Veel eukaryoten leven in nauwe fysiologische associatie met bacteriën die hetzij binnen de cellen hetzij op het celoppervlak leven. Vergeleken met prokaryoten, zijn eukaryoten sterk beperkt in hun biochemisch repertoire. Om deze reden wordt verondersteld dat eukaryoten symbiotische relaties met bacteriën aangaan. Microbiële symbionten zijn reeds uitvoerig bestudeerd bij verscheidene dieren en heterotrofe protisten maar bacteriën worden ook in nauwe associatie aangetroffen met tal van algen.
Tijdens de stage zullen endosymbiotische bacteriën in het mariene groenwier Boergesenia bestudeerd worden aan de hand van verschillende moleculaire technieken. De meerkernige reuzencellen van Boergesenia zijn logische doelwitten voor intracellulaire bacteriën. Het onderzoek richt zich specifiek naar karakterisatie van de endofytische microflora, en het inzicht verwerven in de gastheerspecificiteit van de geassocieerde bacteriën en co-evolutionaire processen tussen de bacteriële symbionten en de gastheren.
De associatie tussen bacteriën en groenwieren zullen onder laboratoriumcondities, aan de hand van zuivere (unialgale) algenculturen bestudeerd worden. Boergesenia isolaten, ingezameld uit verschillende geografische locaties, worden onder steriele omstandigheden opgekweekt in marien cultuurmedium onder aangepaste licht en temperatuursregimes. Moleculaire identificatie van de intracellulaire bacteriële diversiteit gebeurd in de eerste plaats via DNA-sequentiebepaling van het 16S rDNA. Een standaard CTAB methode wordt toegepast voor DNA-extractie van de alg-protoplasten, gevolgd door PCR-amplificatie met universele prokaryote 16S rDNA primers. PCR producten zullen vervolgens gekloneerd  worden met een pGEM-T vectorsystem II plasmide.
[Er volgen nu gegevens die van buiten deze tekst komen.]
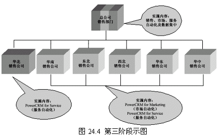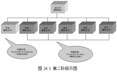 這一階段首先確立一個(gè)點(diǎn)(華北銷售公司),這個(gè)點(diǎn)的選擇要考慮多方面的因素,比如員工素質(zhì)、電腦應(yīng)用水平以及基礎(chǔ)設(shè)施等。第一階段目標(biāo)的實(shí)現(xiàn)對(duì)整個(gè)項(xiàng)目關(guān)系重大,是一個(gè)示范性的實(shí)施,對(duì)維持管理層和員工對(duì)CRM項(xiàng)目的信心具有重要的意義。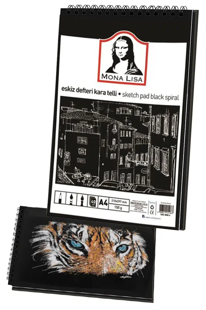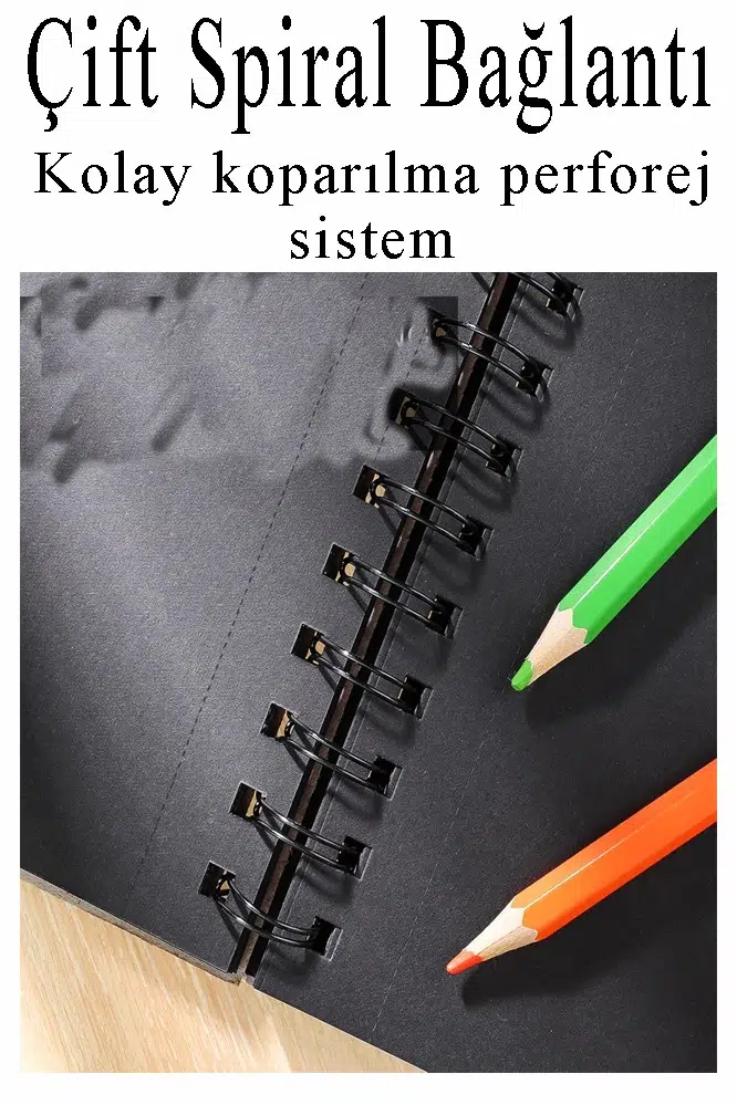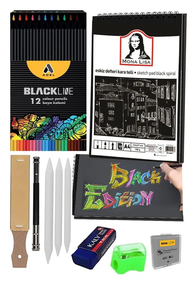 Telli Eskiz Defteri Siyah A4 1 Adet Spiralli 150 gr 40 Yaprak 12 Renk Kuruboya Gölgelendirme Zımpara Kalem Uzatma Silgi

Verschillende methodes zullen worden uitgetest om de gekloneerde sequentiediversiteit te screenen, waaronder “Denaturating gradient gel electrophoresis” (DGGE) en “Restriction fragment length polymorphism” (RFLP) analyse. DNA sequentiebepaling zal gebeuren aan de hand van hand van geautomatiseerde Sanger sequencing.
Stagetaken:
- Opkweken en onderhoud van de Boergesenia algenculturen
- DNA extractie
- PCR amplificatie
- Klonering van PCR producten
- Denaturating gradient gel electrophoresis (DGGE)
- Restriction fragment length polymorphism (RFLP)
- DNA sequencing
- Sequentie editing, assemblage en analyse
 

Stageonderwerp 2005-2006

Het chloroplast genoom van Cladophora coelothrix (Cladophorales, Chlorophyta)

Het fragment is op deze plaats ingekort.